Convert unpaywall jsonl to csv

renate.mo...@gmail.com

unread,

Mar 17, 2019, 8:15:27 AM3/17/19

to Unpaywall discussion

Good day,

I am new to unpaywall and jsonl files. Is there a converter available to convert a jsonl file to csv.

Thanks for the help in advance.

Renate

Martin Czygan

unread,

Mar 17, 2019, 4:01:11 PM3/17/19

to renate.mo...@gmail.com, Unpaywall discussion

JSON lines [1] is merely one JSON object per line. JSON [2] itself is
typed and supports nested structures, which CSV does not.

Hence, there is not a single mapping from JSON or jsonl to CSV.
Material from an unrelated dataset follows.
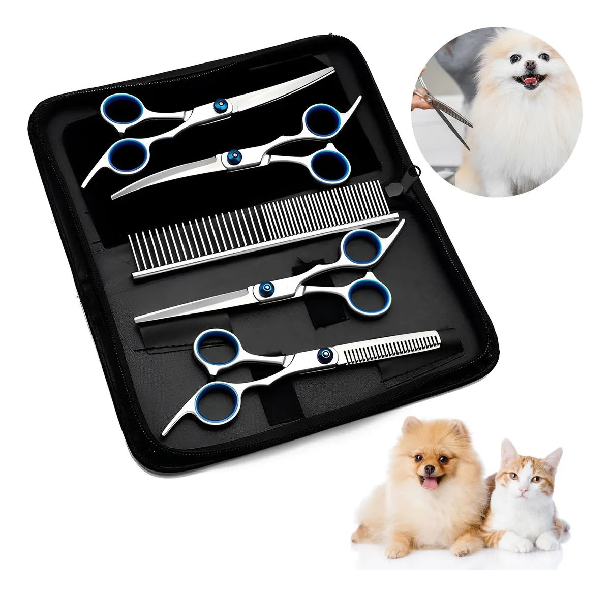 Combinação de tesouras selecionadas de aço inoxidável de 6 polegadas, duráveis, precisas e seguras. Ele pode aparar facilmente todas as partes do corpo do seu animal de estimação, atender às necessidades de estilo fino e cuidados básicos, melhorar a eficiência da higiene e o conforto do animal de estimação e é a escolha ideal para esteticistas profissionais e amantes de animais de estimação.

For JSON and the command line, I found the jq [3] tool useful and it
includes a CSV filter [4].

Example to extract the DOI, year and title from the unpaywall snapshot:

$ unpigz -c unpaywall_snapshot_2018-09-24T232615.jsonl.gz | jq -rc
'[.doi, .year, .title] | @csv'

The result looks something like this:

"10.1080/21645515.2017.1330236",2017,"Advancements in DNA vaccine
vectors, non-mechanical delivery methods, and molecular adjuvants to
increase immunogenicity"
"10.1088/0004-6256/135/4/1201",2008,"SHARC-II 350 μm OBSERVATIONS OF
THERMAL EMISSION FROM WARM DUST INz⩾ 5 QUASARS"
"10.1088/0022-3727/48/43/435001",2015,"Tuning magnetic anisotropy and
the damping constant using substrate-induced strain in a
FeCo/Pb(Mg1/3Nb2/3)O3-PbTiO3heterostructure"
"10.2478/v10172-012-0058-8",2012,"Examination of Coil Pipe Butt Joint
Made of 7CrMoVTiB10-10(T24) Steel After Service"
"10.2307/40203576",2001,"The Internet Revolution in China: The
Significance for Traditional Forms of Communist Control"
"10.1515/9783111445908.88a",,"Ideale Wahrheit. 1837"
"10.1515/9783110972306.83",,"FROM BUFFALO (NEW YORK) IN 1960"
"10.1515/bchm2.1926.153.1-3.10",1926,"Einfluß der Hefenvorbehandlung
auf die Affinitätskonstanten der Saccharase. II. Achte Mitteilung über
die Affinitätsverhältnisse der Saccharase."

--martin

[1] http://jsonlines.org/
[2] http://json.org/
[3] https://stedolan.github.io/jq/
[4] https://stedolan.github.io/jq/manual/#Formatstringsandescaping

> --
> You received this message because you are subscribed to the Google Groups "Unpaywall discussion" group.
> To unsubscribe from this group and stop receiving emails from it, send an email to unpaywall+...@googlegroups.com.
> To post to this group, send email to unpa...@googlegroups.com.
> Visit this group at https://groups.google.com/group/unpaywall.
> To view this discussion on the web visit https://groups.google.com/d/msgid/unpaywall/2635bd75-deda-433b-b24d-ee78b98dacc1%40googlegroups.com.
> For more options, visit https://groups.google.com/d/optout.

Bryan Newbold

unread,

Mar 17, 2019, 8:25:40 PM3/17/19

to Martin Czygan, renate.mo...@gmail.com, Unpaywall discussion

I would second the use of jq with the @csv filter to create flat CSV files (or @tsv for TSV). If you read the jq man page (which is quite long), you'll find it is possible to select only a subset of input lines, or to generate multiple output rows (eg, if you wanted one CSV output row for every URL, instead of every DOI).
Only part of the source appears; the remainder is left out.